*What needs to be done*. Quote these lines exactly: the one that holds "mai încercăm altceva." and every line after it to the end of the material below. Skip pictures.

*Stored data*.
=-=-=
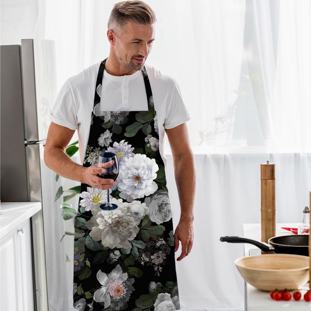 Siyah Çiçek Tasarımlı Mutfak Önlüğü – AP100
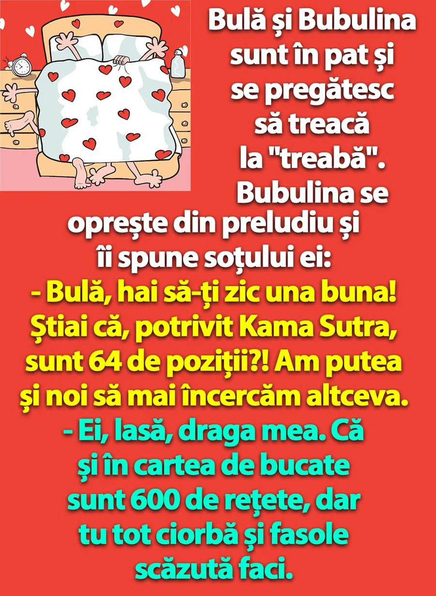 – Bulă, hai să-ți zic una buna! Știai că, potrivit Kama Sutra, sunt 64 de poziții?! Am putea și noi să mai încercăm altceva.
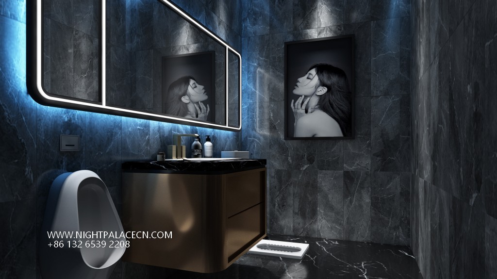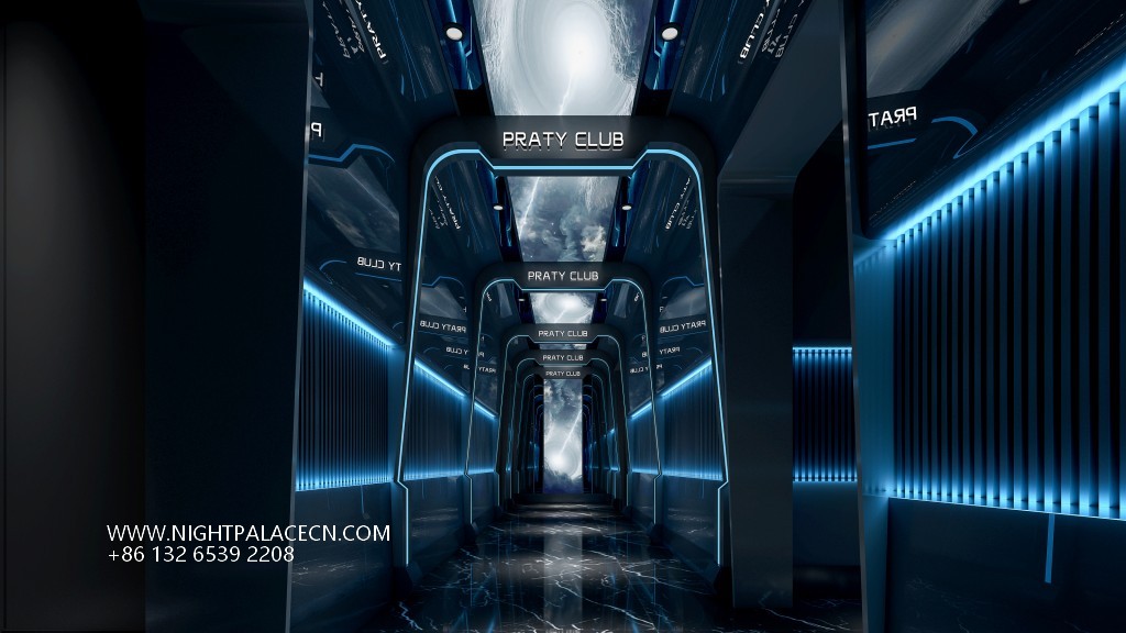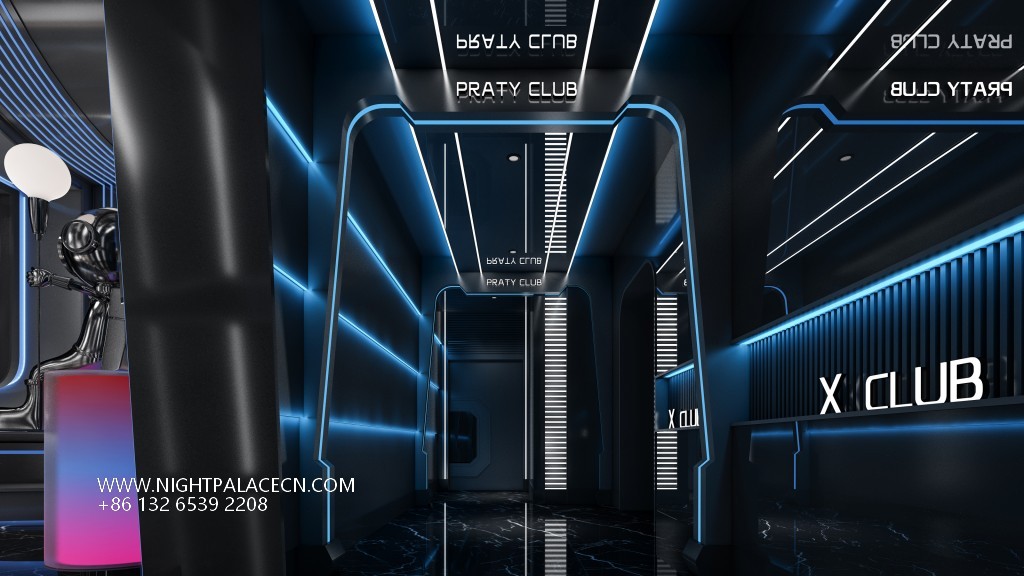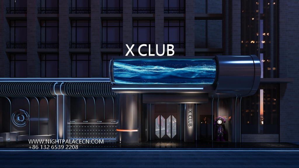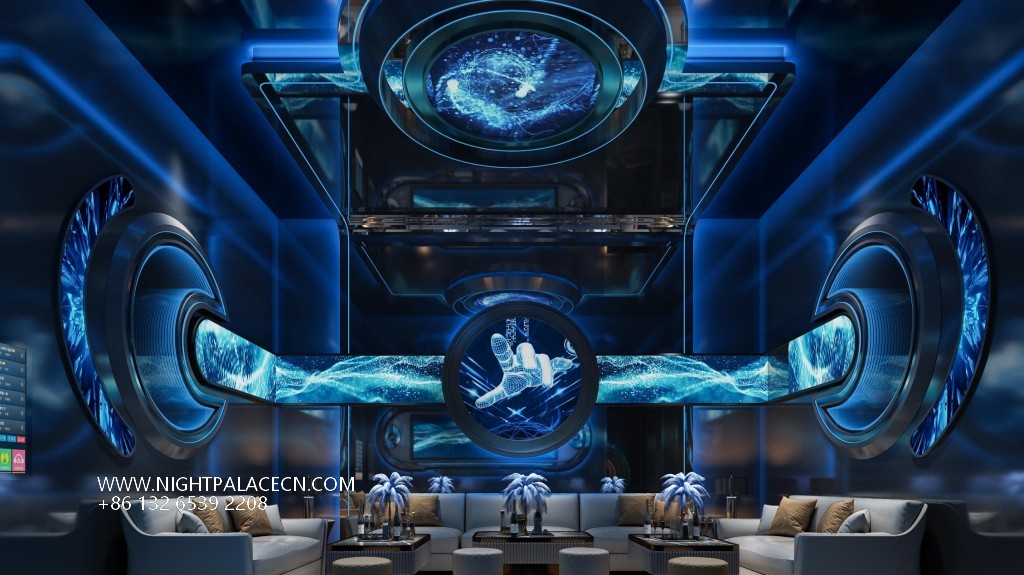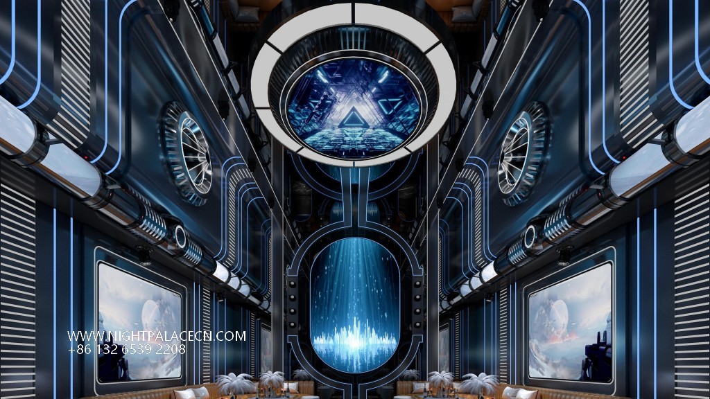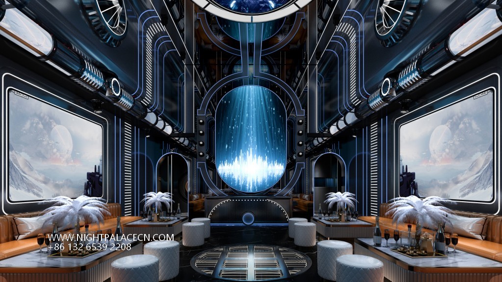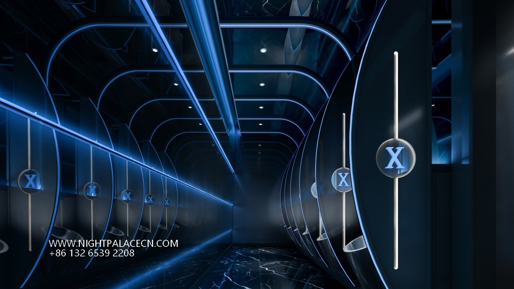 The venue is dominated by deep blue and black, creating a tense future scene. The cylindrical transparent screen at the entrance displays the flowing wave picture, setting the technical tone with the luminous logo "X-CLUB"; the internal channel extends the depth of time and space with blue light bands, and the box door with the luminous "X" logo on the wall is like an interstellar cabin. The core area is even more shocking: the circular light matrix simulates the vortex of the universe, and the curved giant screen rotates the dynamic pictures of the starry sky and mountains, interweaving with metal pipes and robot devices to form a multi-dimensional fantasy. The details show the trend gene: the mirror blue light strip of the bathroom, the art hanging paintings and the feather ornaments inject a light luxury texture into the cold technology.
=-=-=
*Answer to the problem*.
 – Bulă, hai să-ți zic una buna! Știai că, potrivit Kama Sutra, sunt 64 de poziții?! Am putea și noi să mai încercăm altceva.
 The venue is dominated by deep blue and black, creating a tense future scene. The cylindrical transparent screen at the entrance displays the flowing wave picture, setting the technical tone with the luminous logo "X-CLUB"; the internal channel extends the depth of time and space with blue light bands, and the box door with the luminous "X" logo on the wall is like an interstellar cabin. The core area is even more shocking: the circular light matrix simulates the vortex of the universe, and the curved giant screen rotates the dynamic pictures of the starry sky and mountains, interweaving with metal pipes and robot devices to form a multi-dimensional fantasy. The details show the trend gene: the mirror blue light strip of the bathroom, the art hanging paintings and the feather ornaments inject a light luxury texture into the cold technology.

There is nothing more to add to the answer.